Instructions to follow |
The whole listing below should be printed again exactly, with no images.

Exercise data |
--------
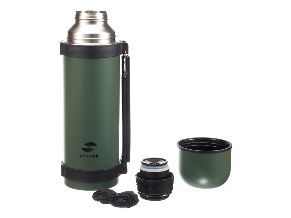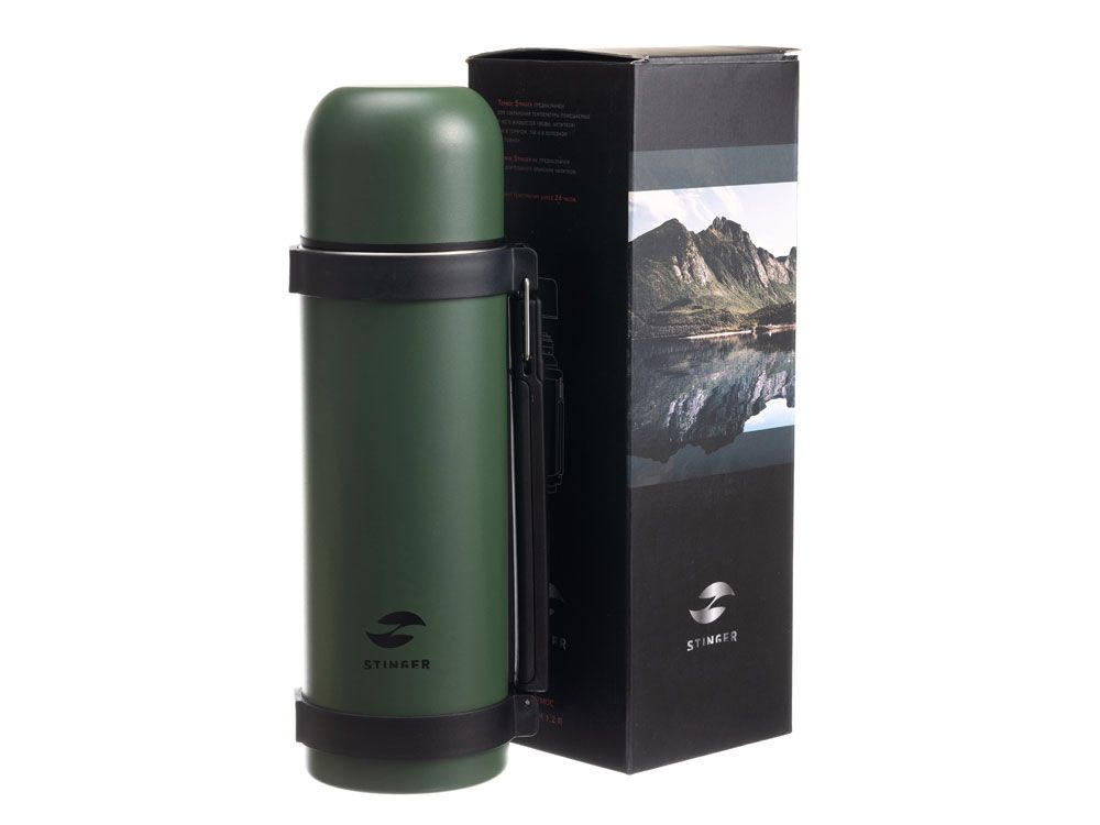 Термос Stinger, 1,2 л, широкий с ручкой, нержавеющая сталь, зелёный, 12,4 х 10,2 х 31,8 см, 441204
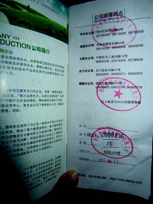 “2014年9月份,我从网上找到了这家德林家政。当时跟他们那边一个叫徐萍萍的经理沟通,对方说最少一下子要预交1万元。我就觉得一次交这么多有些不放心,就跟他们协商说能不能先交3000元试用一下,后来对方就同意了。最后,我们定下来,周一到周五的上午9点到11点,他们给我们做中午饭、打扫卫生,我们给他们每小时20块钱。”金先生称,当时自己与德林方面并没有签订协议,只收到了一张没有公司印章的收据。
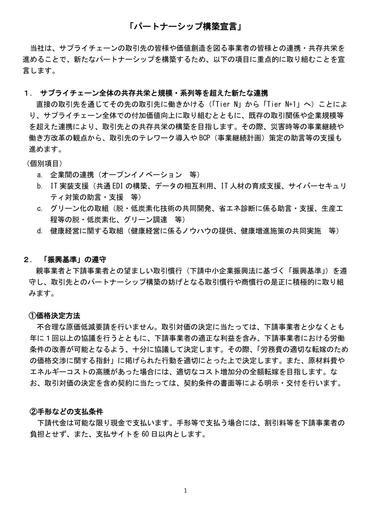 サプライチェーンの取引先等と連携・共存共栄を進めることで、新たなパートナーシップ構築する事を発注者側が宣言するものです。
--------
Solution |
 Термос Stinger, 1,2 л, широкий с ручкой, нержавеющая сталь, зелёный, 12,4 х 10,2 х 31,8 см, 441204
 “2014年9月份,我从网上找到了这家德林家政。当时跟他们那边一个叫徐萍萍的经理沟通,对方说最少一下子要预交1万元。我就觉得一次交这么多有些不放心,就跟他们协商说能不能先交3000元试用一下,后来对方就同意了。最后,我们定下来,周一到周五的上午9点到11点,他们给我们做中午饭、打扫卫生,我们给他们每小时20块钱。”金先生称,当时自己与德林方面并没有签订协议,只收到了一张没有公司印章的收据。
 サプライチェーンの取引先等と連携・共存共栄を進めることで、新たなパートナーシップ構築する事を発注者側が宣言するものです。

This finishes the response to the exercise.